All these processes take time and cost money. According to research by FDAMap, a protocol amendment can cost between $72,000 and $500,000.
These figures are roughly in keeping with Tufts’ analysis, according to Getz, who said: “Our 2016 study of nearly one thousand protocols found that two-thirds of phase 3 protocols and 77% of phase 2 protocols have at least one amendment with 2.3 (phase 3 protocols) and 2.2 (phase 2 protocols) amendments on average.
“Each phase 2 amendment costs $141,000 on average in direct costs to implement, and $535,000 on average in direct costs to implement a phase 3 amendment.”
Product complexity
The drug industry’s evolution from a provider of chemical-based medicine into a developer of larger molecule drugs and cell and gene therapies is likely to result in an increase in protocol amendments.

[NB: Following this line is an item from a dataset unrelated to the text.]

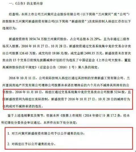 兰州黄河董事长杨世江违规减持遭公开谴责(资料来源:深交所)

Trials of such products are usually more complex than trials of small molecule drugs and, according to Kenneth Getz, more complex protocols are associated with a higher incidence of amendments.
“We typically see more amendments in oncology and CNS. We also see a higher incidence and average number of amendments in later stage phase 2 and 3 studies.
He added: “There are many factors that contribute to complexity, including more targeted and stratified patient populations, emerging safety issues, crowded drug classes and even the duration of time that multiple functions can provide design input.”
This view is shared by Chris Learn, who said immunotherapy studies are more prone to amendments than other types of research.
“In comparison to other therapeutic platforms, my observation has been that these trials experience more amendments due to the unknown, unexpected impacts that the host’s immune system brings into play, in addition to those resulting purely from the drug and or drug product alone.”
Flexibility
Protocol amendments provide drug developers with the flexibility needed to conduct scientifically robust research, said Jenny Fam, Associate Director, Global Regulatory Affairs, IQVIA.
Fam said: “Innovation in drug research does come with new challenges. All stakeholders (clinicians, patients, regulators, etc, not just sponsors, should be prepared for unexpected outcomes and build contingencies.”
Fam also said the ability to amend protocols is particularly important in emerging areas of research.
“For example, in the case of a failing lot of autologous cell therapy, sponsors need to ensure reserve samples are available, clinicians need to ensure patients are not at risk for missing a dose and regulators need to allow for flexibility in treatment protocols to ensure risk-benefit measures are implemented under such challenges.”